So you have decided to take the big leap and purchase your first home. CONGRATULATIONS!!
Most of us have a "dream home" tucked away at the back of our minds - something with four bedrooms, two fireplaces and a panoramic view. How about a little reality check before you go looking for that dream??
What if all the money you had went into the purchase and mortgage payments for that wonderful home, so there was nothing left over for little repairs, a night out, vacations, new furniture or any of the little things that go wrong from time to time? When that happens, your dream suddenly becomes a nightmare; being over-extended financially is the quickest way to destroy the excitement of home ownership and adds stress to your life.
Smart home-buying means knowing what you can afford and being practical about it. Most first time buyers lack the funds needed to buy a home without assistance from a bank or financial institution. Buying a home means combining savings with money borrowed through a special arrangement called a mortgage.
To keep mortgage payments within their means, most first time buyers purchase what is commonly called a "starter home." It is just what it says - a way of getting started in long-term real estate investment.
To match the home you buy to your pocketbook you have to realistically assess your needs, determine what you can afford and - usually - lower your expectations. Begin by enlisting the services of a REALTOR. This knowlegeable individual will help you target your home ownership dreams and provide valuable information on mortgage options, interest rates and incentives such as government programs for the first-time buyer.
In the meantime, here are some ways to help you determine how much you can afford.
SET A MAXIMUM PRICE RANGE
To determine your "affordability" price range, you must calculate two amounts; the amount of cash you can afford to put towards the purchase (down payment) and the maximum amount of loan (mortgage) you can afford to carry. Typically, household expenses should not exceed 35 percent of your gross income.
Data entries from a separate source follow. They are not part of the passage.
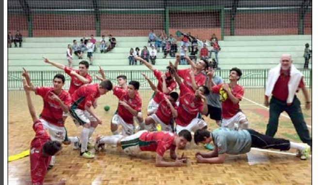
Com a vitória, o Joni Gool garantiu a primeira vaga na final e na decisão enfrentará o Apaf, de Joaçaba
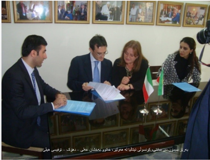
بهریز سیمۆن دی سانتی، کونسولی ئیتالیا له ههولێر، خاتوو بهخشان عملی - دهوک - نوێسی هیفی
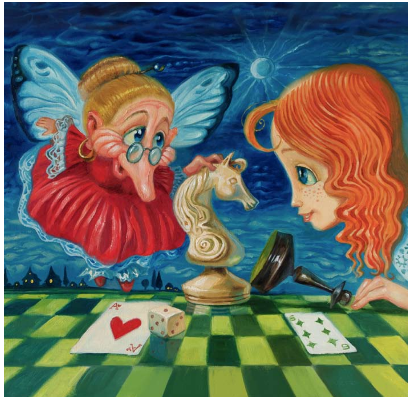
Иллюстрация Макса Ларина

Она никогда не расстраивается, когда проигрывает. Я тоже так хочу, но у меня не получается.
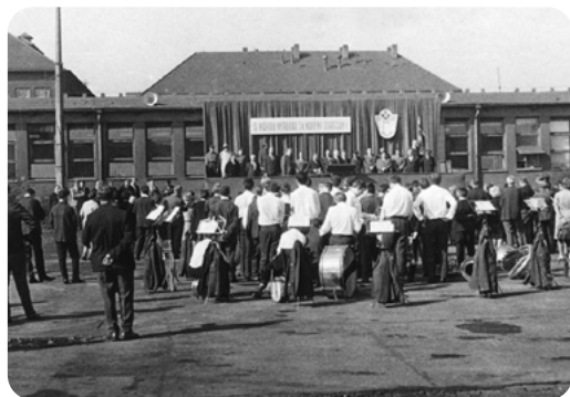
Při otevření továrny vyhrávala před- chůdkyně rokycanské Hudby mladých, zřízená v Djšíně.
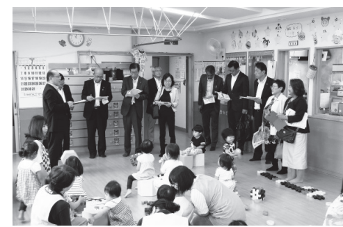
▲2歳児までの市立病院院内保育

市立病院では、病児保育室と院内保育所を見て回りました。病児保育とは、病中または病気の回復期にあるお子さんを就労などのため、家庭で保育できない保護者にかわり一時的に保育すること。今年2月に東雲診療所1階奥に保育室が開設されました。また、市立病院に勤務する医療従事者の子どもを他の保育施設に入所する前に2才児まで保育することが出来る院内保育所を見て回りました。さらに、5階の休床施設など病院内における施設の現場を実際に見
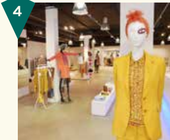
Spijkers en Spijkers Weverstraat 33A

Bij Minouche en Rûne kun je terecht voor elegante en unieke sieraden: er wordt over alles nagedacht, maar niks wordt 'bedacht'. Hier worden iedere dag juwelen met de hand én met veel gevoel en aandacht gemaakt, in het inmiddels herkenbare Minouche en Rûne-design.
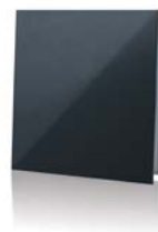
Солид Черный сапфир
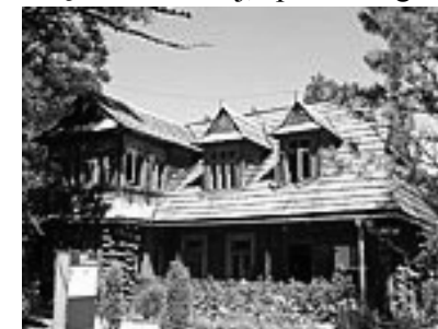
Willa „Atma” w Zakopanym

Następnie udaliśmy się ulicą Koście-liską na zabytkowy Cmentarz na Pęksowym Brzyzku, gdzie spoczywa wiele zasłużonych dla Tatr i Podhala osób. Po zwiedzeniu cmentarza weszliśmy do drewnianego kościółka p.w. Matki Boskiej Częstochowskiej, pierwszego kościoła parafialnego w Zakopanym.
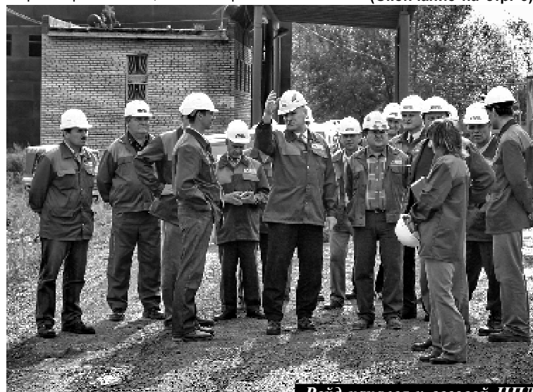
Рейд начался у весовой ЦПЛ

— Пусть в этом году трубы ещё (Окончание на стр. 3).
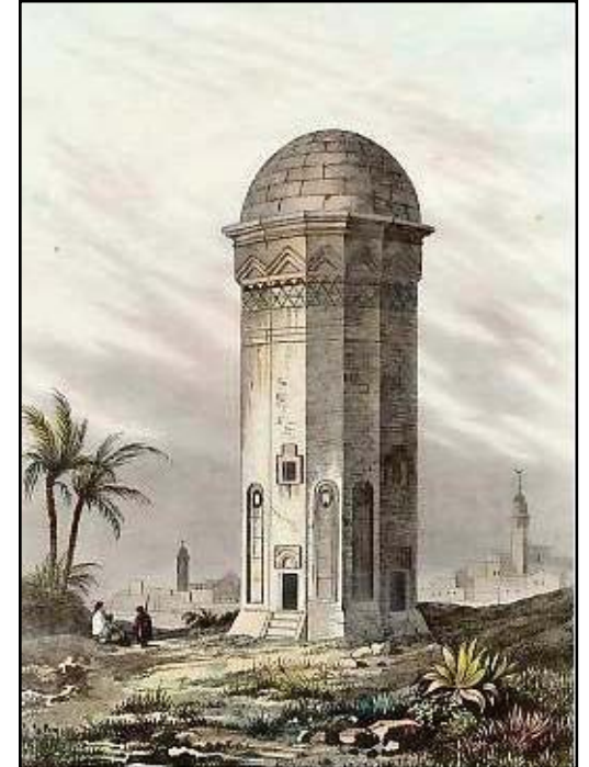
İrevan`da türbe. Ressam Vanderburx Gravürcü Devilliers. 1838.
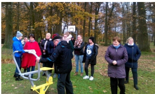
Zdj. Siłownie zewnętrzne w Chomętowie.

REWITALIZACJA SPOŁECZNA. W ramach projektu „Rewitalizacja na terenie gmin województwa zachodniopomorskiego znajdujących się w Specjalnej Strefie Włączenia”, w którym partnerem była Gmina Drawno powstały wiaty w Konotopiu i Niemieńsku służące mieszkańcom jako miejsca spotkań i integracji oraz siłownie zewnętrzne w Chomętowie i Świąciechowie. Operatorem tych inicjatyw było Stowarzyszenie Ludzi Bezrobotnych. W działania byli zaangażowani również mieszkańcy tych miejscowości.
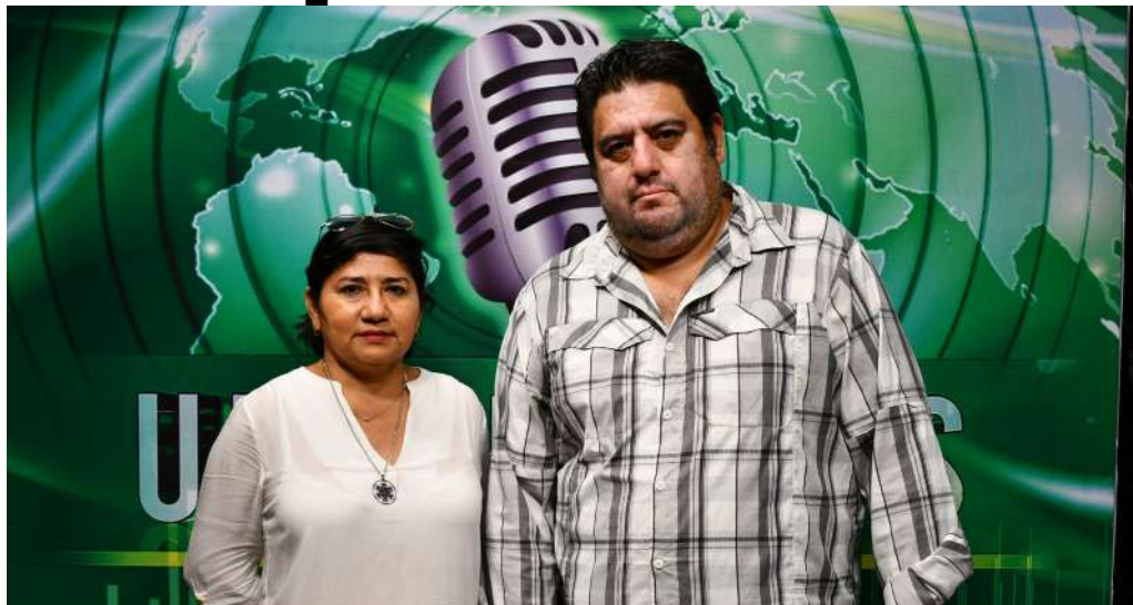
Los docentes pertenecen a la División Académica de Ciencias Agropecuarias

>> Los profesores acudieron al programa de Noticias de Radio y TV UJAT
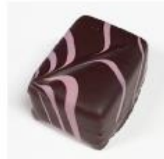
714 Wild cherry Zachte vulling met wilde kers

PUT DOWN AS MUCH AS YOU CAN
The key to getting started for most firt-time buyers is the initial down payment. This is the part of the purchase price you have to put down as cash. You may be able to buy a home for as little as 5 % down, but remember that the larger the down payment, the easier it will be to manage the other expenses such as mortgage payments, utilities and taxes.
An Ideal down payment is 25 % of the purchase price. Keep some cash in reserve though for unexpected expenses related to a home purchase and typical expenses such as land transfer tax, legal fees and moving expenses.
KNOW HOW MUCH TO BORROW
To establish the maximum mortgage limit for you, a financial institution will determine the monthly payments you can afford by calculating your debt-service ratio. List all your loans (car, personal, credit cards etc). The sum of these and your mortgage payment (including principle, interest and taxes) should not exceed about 40% of your gross income. The mortgage payment and taxes should not exceed about 30% of your gross income.
UNDERSTAND INTEREST RATES
The size of the mortgage you can arrange, based on payments you can afford, depends on interest rates. The lower the rates, the larger the possible mortgage and the more affordable home-buying will be.
However, there are other variables to consider. How open is the mortgage? Is it portable? Would prepayment be allowed? Discuss your mortgage options with your REALTOR, banker or financial advisor. Decide what's best for you, establish a limit and stick to it.